The inflation outlook required forceful policy response, said Draghi at his speech in Frankfurt yesterday as the 5y5y inflation swaps fell below 1.5% mid-January. The efficiency of the ECB program remains uncertain however, given that healthy transmission toward the real economy is crucial to push the liquidity to enhance economic activity. This requires structural reforms and growth-friendly fiscal consolidation. Draghi warns it would be a big mistake if countries use the program for fiscal expansion.

The Greek puzzle

The Greek bonds will, in principle, be eligible after the 2010-2012 SMP redemption, meaning by July. However, the political situation in Greece remains quite uncertain before January 25th elections with the anti-European Syriza’s leading the election polls. The PM Samaras said in his speech in Thessaloniki that the country risks exclusion from the QE program if the bailout review stalls. Greece needs to agree on the extension of the aid program by February 28th in order to receive 7.2 billion euros aid payment and also to become eligible for the QE. We believe that at this stage a coalition with Syriza will be set amid Jan 25 elections and temper the Grexit speculations.

EUR's aggressive unwind post-ECB

Today's Key Issues

The Risk Today

Luc Luyet

EUR/USD EUR/USD was sent lower by the ECB yesterday, making 10-year lows. A psychological support lies at 1.1000. Hourly resistances can be found at 1.1460 (16/01/2015 low) and 1.1541 (20/01/2015 low). In the longer term, the symmetrical triangle favours further weakness towards parity. Key supports can be found at 1.1000 (psychological support) and 1.0765 (03/09/2003 low). A resistance lies at 1.1679 (21/01/2015 high), while a key resistance stands at 1.1871 (12/01/2015 high).

GBP/USD GBP/USD has broken to the downside out of its horizontal range defined by 1.5035 and the resistance at 1.5274. Further short-term weakness towards the strong support at 1.4814 is favoured. Hourly resistances can be found at 1.5058 (20/01/2015 low) and 1.5213 (22/01/2015 high). In the longer term, the technical structure is negative as long as prices remain below the key resistance at 1.5274 (06/01/2015 high, see also the declining trendline). A full retracement of the 2013-2014 rise is expected.

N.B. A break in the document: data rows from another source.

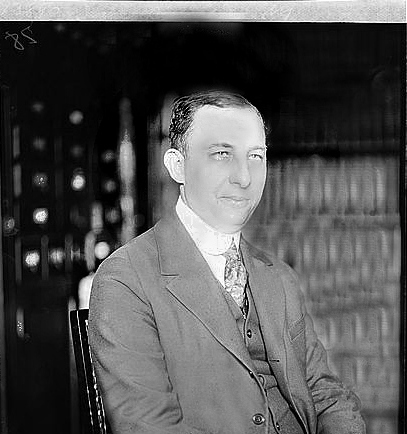 Isaac Siegel, Congressman from New York.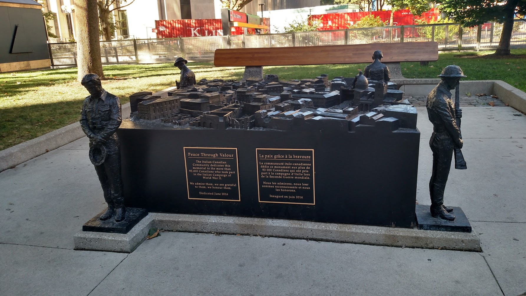 Inaugurated in mid 2016, a sculpture commemorating more than 93,000 Canadians who fought in the Italian Campaign of World War II—an often overlooked but vital part of Europe’s fight for liberation from Nazi Germany—was unveiled beside Toronto City Hall. The battle referenced in the artwork occurred at Christmastime in 1943, when the Canadian Forces in the Italian Campaign of World War II fought a fierce battle to liberate Ortona, Italy from Nazi Germany.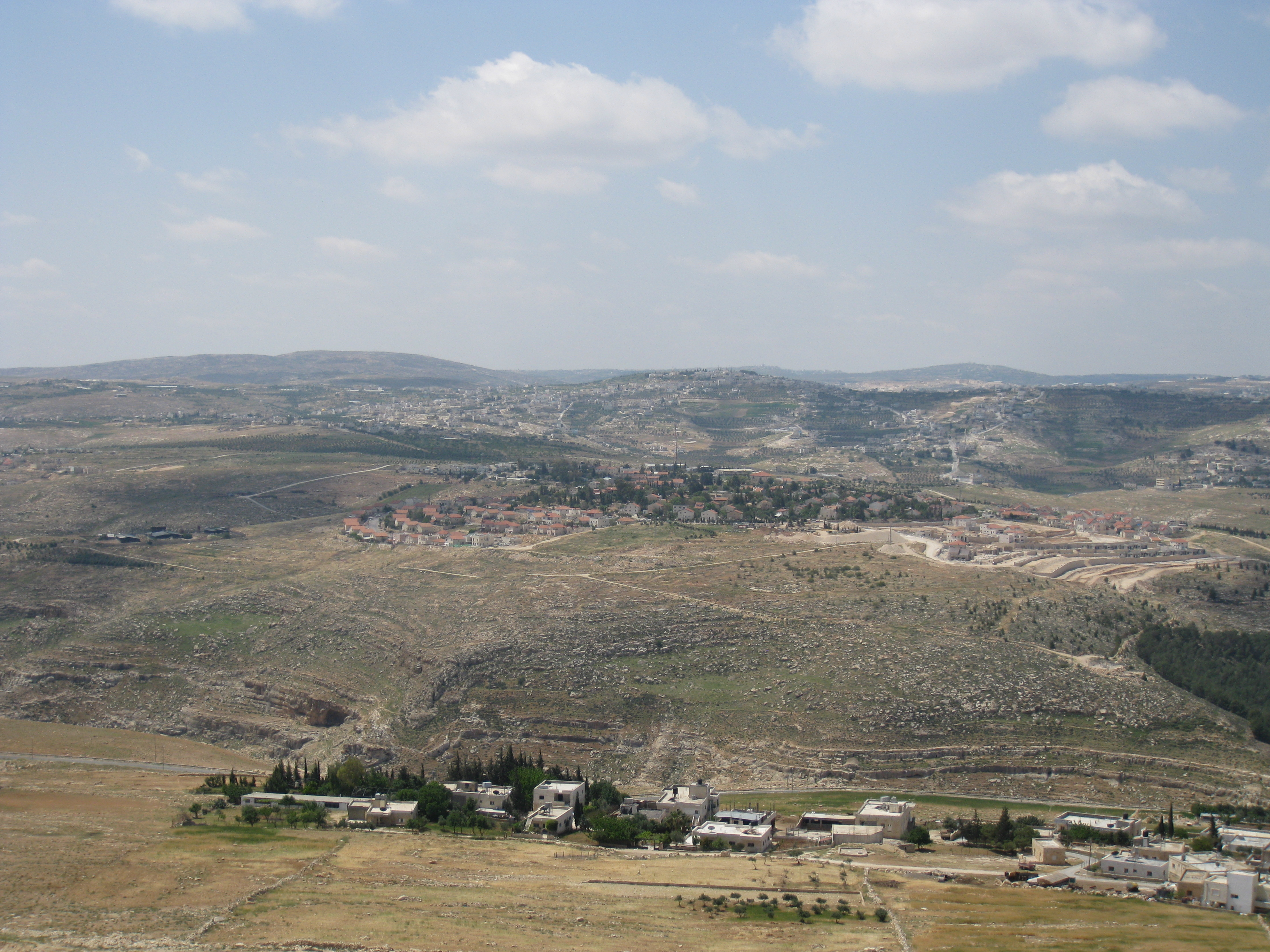 Views from Herodion (Herodyon, Herodium) - Tekoa, behind Tekoa on the right is Khirbet al-Deir and in the center left is Tuqu'. מבט מהרודיון - תקוע

USD/JPY USD/JPY remains below the hourly resistance at 118.87. However, the recent succession of higher lows (see short-term rising trendline) suggests increasing buying interest. Hourly supports lie at 117.25 (22/01/2015 low) and 116.93 (19/01/2015 low). A key resistance stands at 119.96 (see also the declining channel). A long-term bullish bias is favoured as long as the key support 110.09 (01/10/2014 high) holds. Even if a medium-term consolidation is likely underway, there is no sign to suggest the end of the long-term bullish trend. A major resistance stands at 124.14 (22/06/2007 high). A key support can be found at 115.46 (17/11/2014 low).

USD/CHF USD/CHF is trying to find a new equilibrium after the SNB's announcement. Yesterday's break of the short-term declining trendline favours further sideways moves. Supports can be found at 0.8501 and 0.8353. An hourly resistance lies at 0.8773 (21/01/2015 high), while a more significant resistance stands at 0.8838. Following the removal of the EUR/CHF floor, a major top has been formed at 1.0240. Given that the subsequent panic has not broken the strong support at 0.7071 (09/08/2011 low), this level should hold in the next months. A medium-term sideways move between the key support at 0.8353 and the key resistance at 0.9132 is favoured.